SALT Update: Whistle Blower Actions – Not Just a Problem for Large Corportations

IL Tax

 

Whistle blower cases have become a problem in numerous states, including Illinois.

Here’s a short glimpse into how the process works. The principal targets are businesses that:

  • Make some sales at retail, even if this is just a small percentage of total sales
  • Have a website, over which sales are made, even if it just a small percentage of total sales

The typical scenario is that a law firm which specializes in bringing these sort of actions (legally referred to as the “relator”) will have an employee select a target. It appears that targets are usually found by searching online. A small purchase will be made by the relator, often less than $20. The relator will then see if sales tax is charged on the amount of shipping and handling billed on the invoice. If it is not, then the relator will file (if the target is in Illinois) a “False Claims Act Complaint” in Circuit Court (in Illinois, typically Cook County). The target’s first indication that it has been named in a lawsuit is when it receives of copy of the complaint.

For companies that find themselves in this position, the first action should probably be to consult with their accountant to review the documentation that is part of the complaint to determine if its claim regarding the target’s treatment of sales and use tax is correct or not. The next step is to retain an attorney who has experience in this area. Even in cases in which the complaint appears to be frivolous, judges rarely dismiss these actions, forcing them into the full hearing process. If the court agrees the tax has not been properly charged, the next step is to determine the extent of the problem (beyond just the relator’s purchase). To the amount of tax determined to have been underpaid will be added penalties and interest. Often, a treble damages rule will apply, meaning the target will owe three times the tax (along with penalties and interest) determined as underpaid.   Finally, the target will also be ordered to pay the relator’s fees. The bottom line is that targets often settle with the relator out of court even in the target has good facts, to avoid extensive legal fees and the chance that the decision might not be in their favor.

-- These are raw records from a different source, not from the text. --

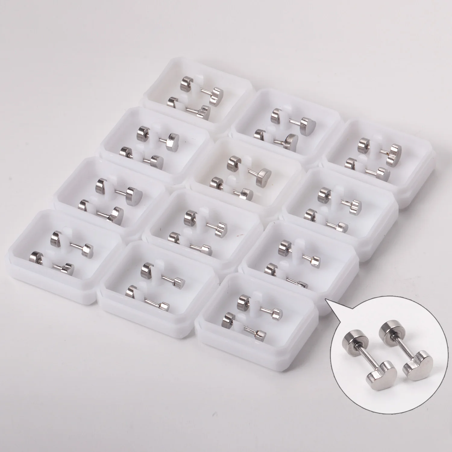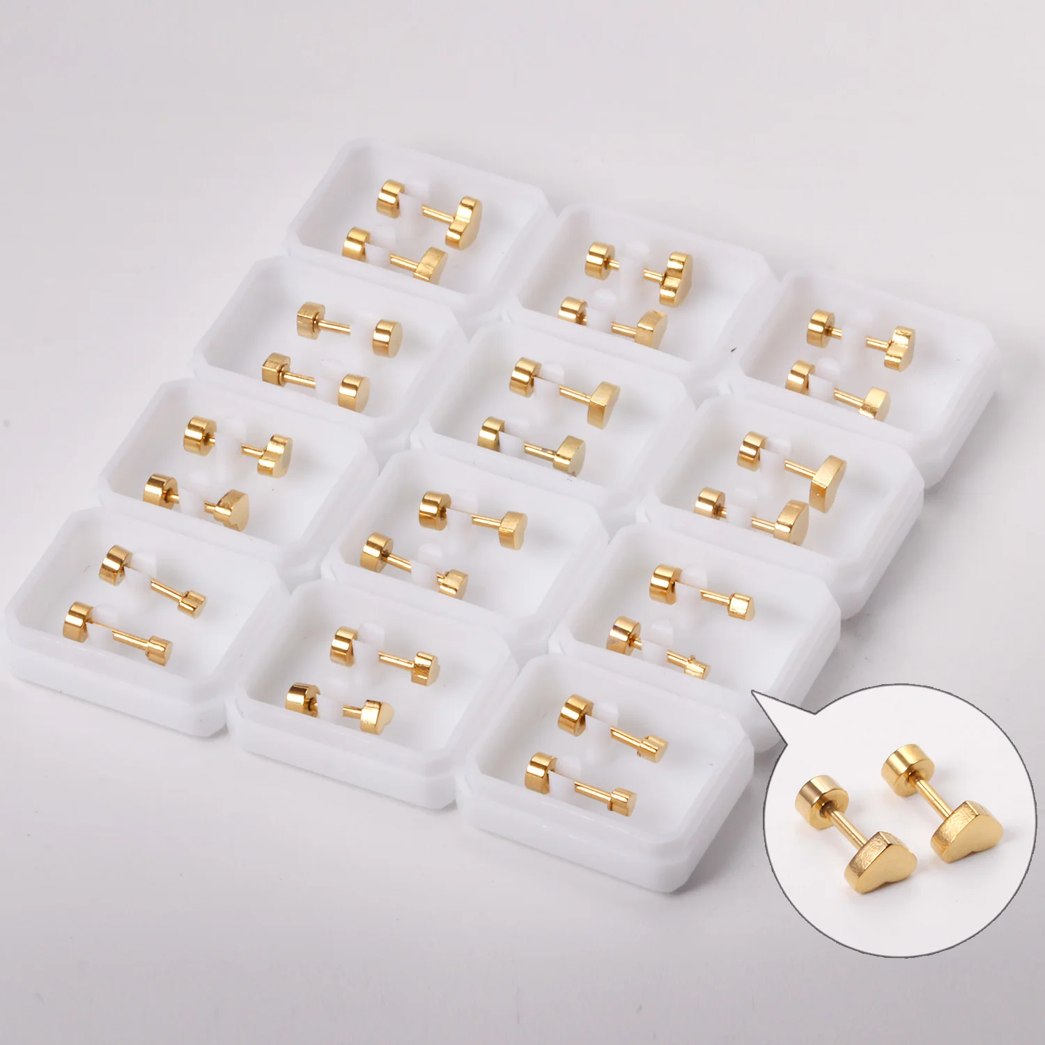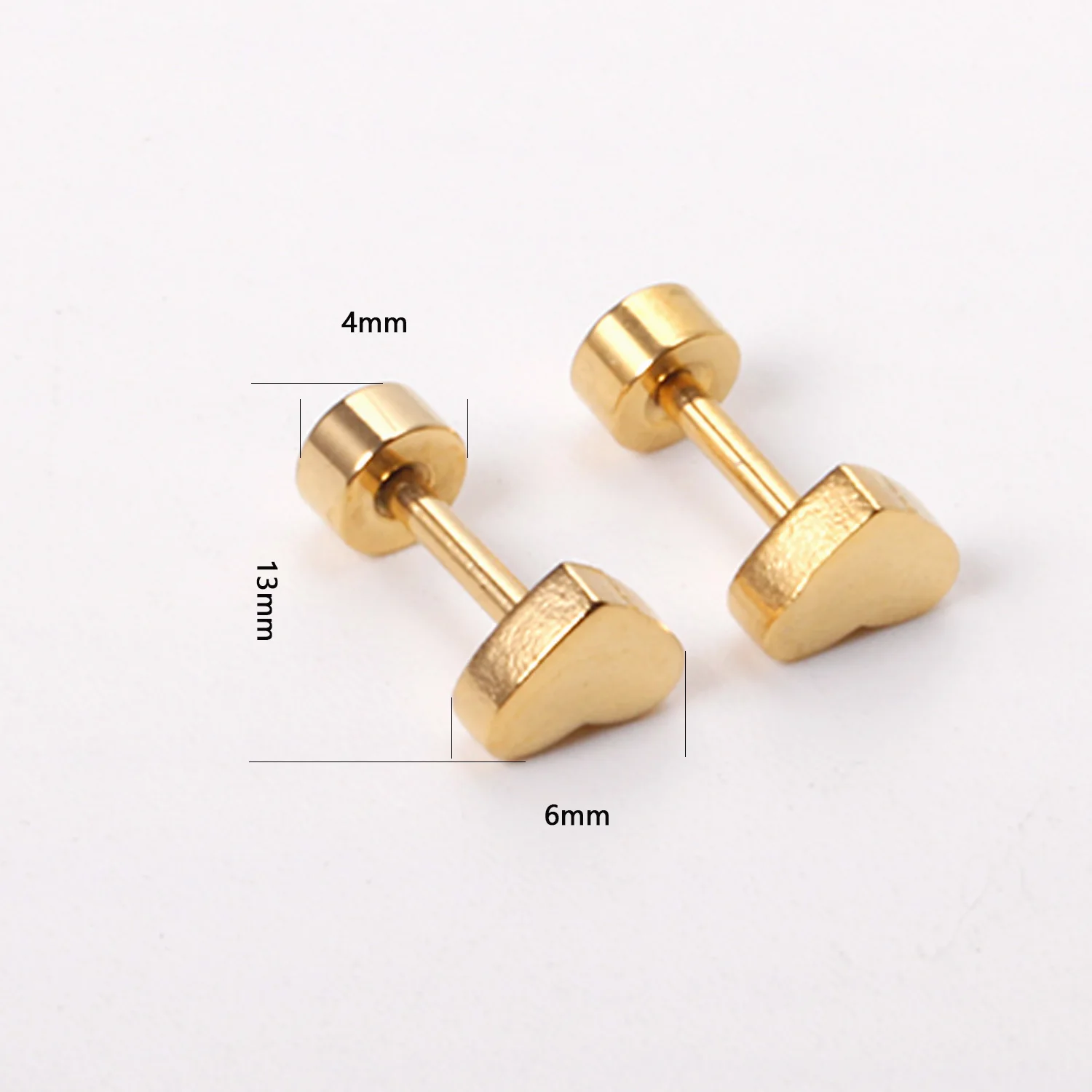 12 Pairs 316L Stainless Steel Heart Earrings Multi Size 3mm 4mm 5mm 6mm Anti-allergy Screw Back Wholesale Women Girl Earrings
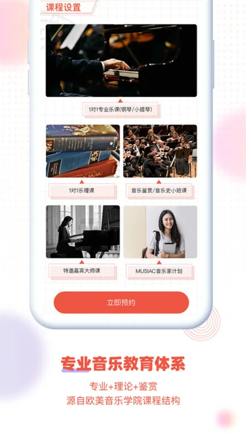 MUSIAC慕乐课目前开设钢琴,小提琴和音乐理论专业课程。MUSIAC 慕乐课提供从业余兴趣,专业艺考和国际音乐学院申请的多样化音乐课程,全英文或中文授课。MUSIAC 音乐留学咨询专注欧美音乐学院留学申请,通过平台签约演奏家师资和专业顾问为学员获得梦校 Offer。
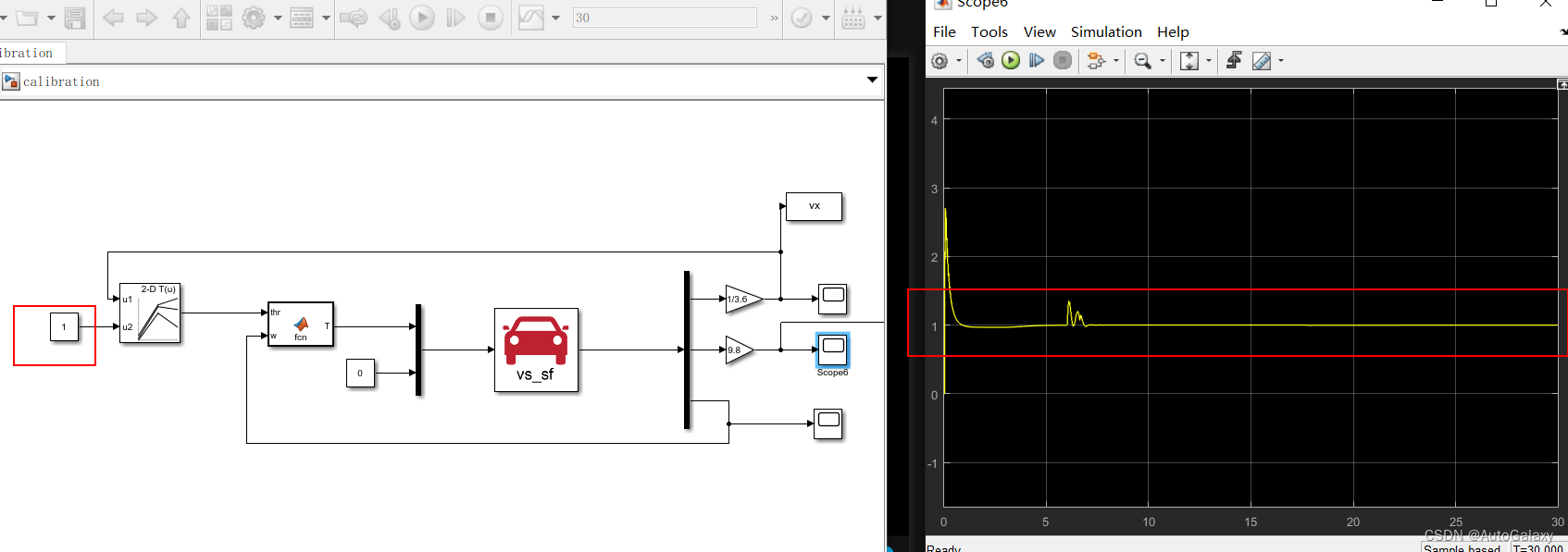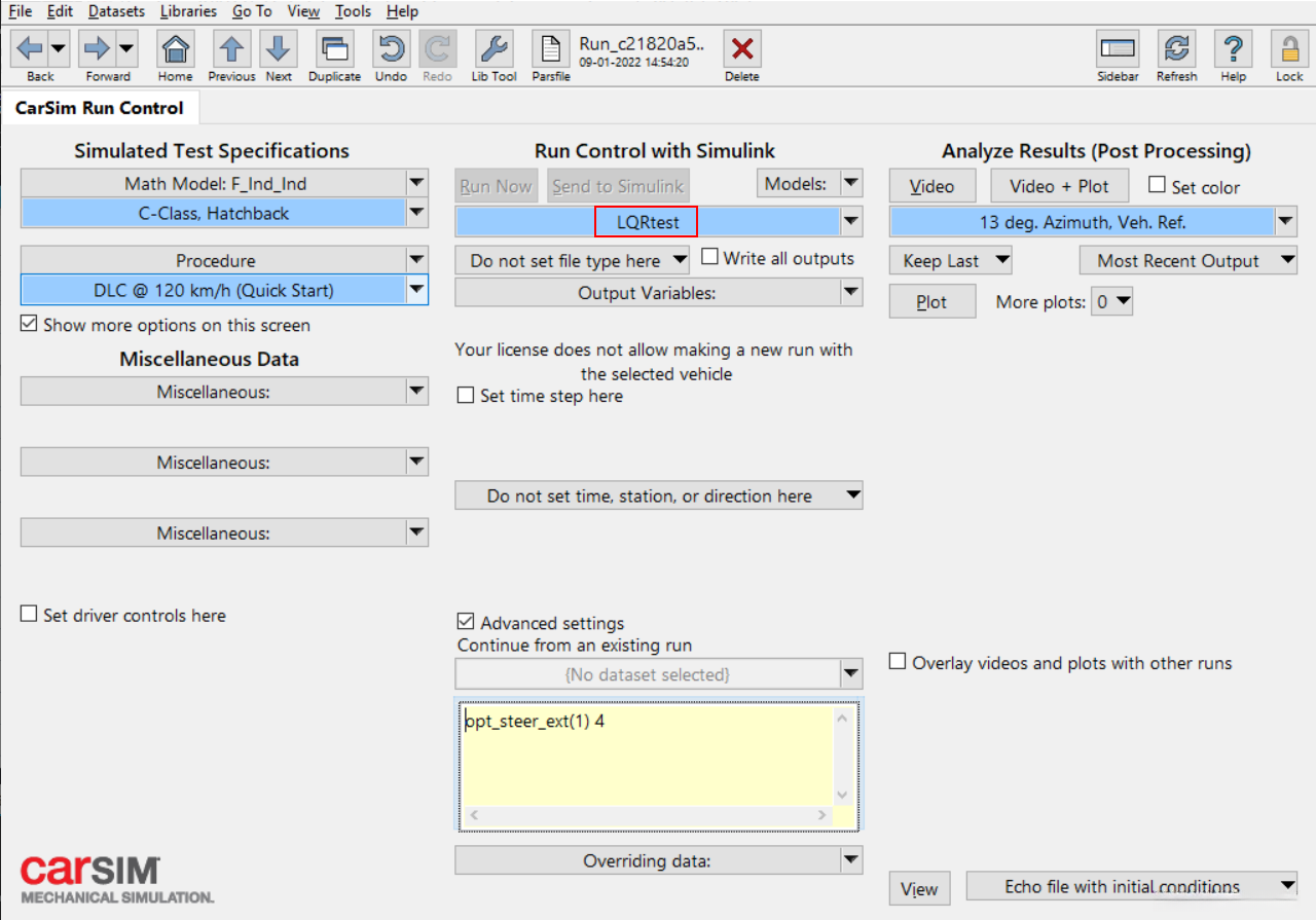 每个独立控制的模型都位于相应的Simulink环境中。在这里,请您只需关注Carsim的具体设置即可完成标定阶段的工作。至于其余的电路搭建部分,请参考Simulink的标准流程进行设置。
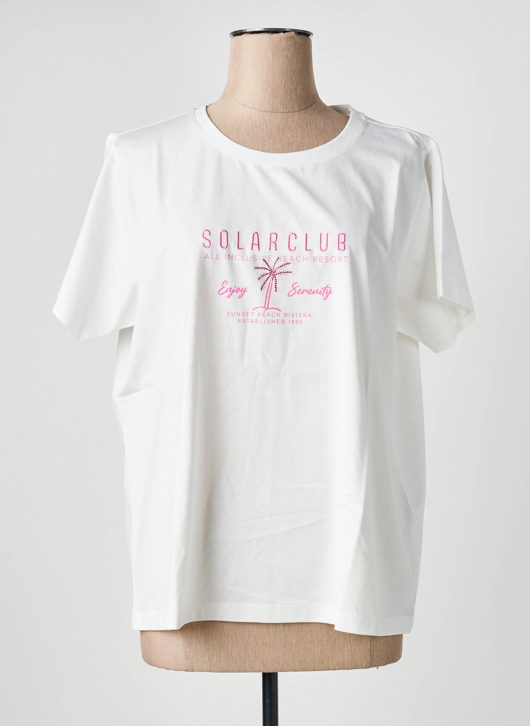 Ce T-shirt ESQUALO pour femme est une véritable affaire à saisir pour donner une touche tendance à votre dressing sans vous ruiner. Affichant une coupe confortable et un design casual, il séduit par sa couleur blanche lumineuse rehaussée d’un joli imprimé rose au centre, mettant en avant l’esprit “Solar Club” avec une ambiance estivale et décontractée. Ce modèle facile à porter s’associe à merveille avec un jean ou une jupe pour composer un look moderne à petit prix, idéal pour profiter d’une mode stylée sans compromis sur votre budget.
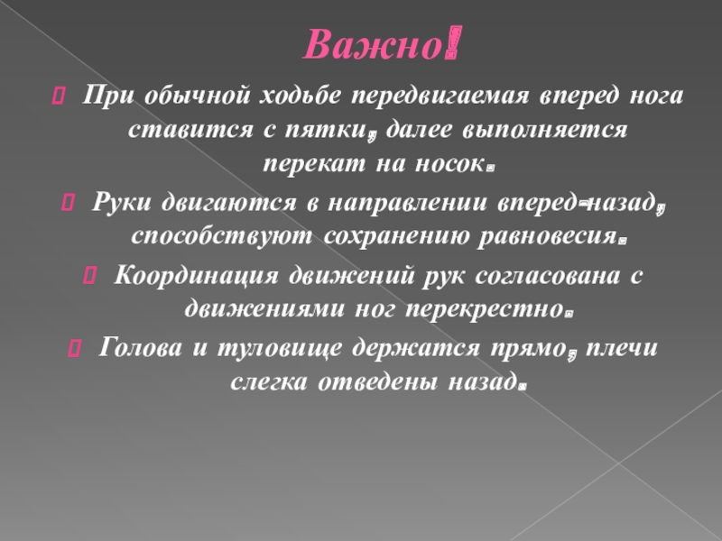 При обычной ходьбе передвигаемая вперед нога ставится с пятки, далее выполняется
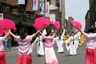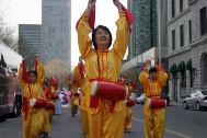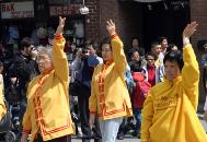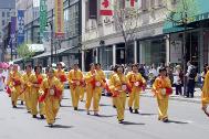 游行队伍行進途中许多市民在欣赏腰鼓和舞蹈队的表演后,更是认真的观看法轮功受迫害的真象展板。展板上展示出停止对法轮功的迫害和营救受迫害的法轮功学员和他们的孤儿的呼声。接看法轮功学员发的真象资料的人越来越多。
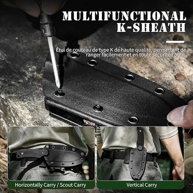 - VERSATILE CARRY OPTIONS: The accompanying k-sheath supports multiple carrying methods, including horizontal/scout and vertical carries, providing flexibility and adaptability for different scenarios and preferences.
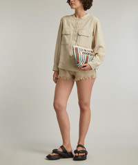 DETAILS Woven silk shorts Pilling throughout Relaxed fit Super-short length Drawstring waistband Side slip pockets Rear buttoned patch pockets Distressed hems SIZE & FIT Model is 175cm/5'9"; Chest: 80cm; Waist: 64cm; Hip: 95cm and wears a size 8 COMPOSITION & CARE 100% Silk Dry clean
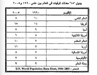 تبلغ معدلات الوفيات على مستوى العالم 9 في الألف عام 2005، وهــى في انخفاض تدريجي حيث كانت 11 فى الألف عام 1985، ونجد هناك فروقاً واضحة بين كل من الدول النامية والمتقدمة، ففى الوقت الذى انخفضت فيه معدلات الدول النامية من 10 إلى 8 في الألف خلال فى الفترة 1990 - 2005، وفي المقابل ارتفعت معدلات الدول المتقدمة من 7 إلى 10 خلال نفس الفترة، ويرجع ذلك إلى أن نسبة كبيرة من سكان المجتمعات الأوربية وصلت إلى قمة الهرم السكاني مما يعني شيخوخة المجتمع، ومن المعروف أن معدلات الوفيات ترتفع بين الفئات العمرية الأولى وفي قمة الهرم السكاني 65 سنة فأكثر.

Many companies determine that the best policy might be to charge taxes on delivery, shipping, and handling fees and be “done with it”. But, recently a rash of class actions suits brought in various states have pursued companies selling at retail for over collection over sales and use taxes. The most notable of these cases have been against “Papa John’s” for collecting tax on delivery fees.

Faced with this “Catch 22” situation, companies selling at retail should strongly consider a review of their sales and use tax billing policies and procedures by a professional in this area as these actions have been filed against companies of all sizes.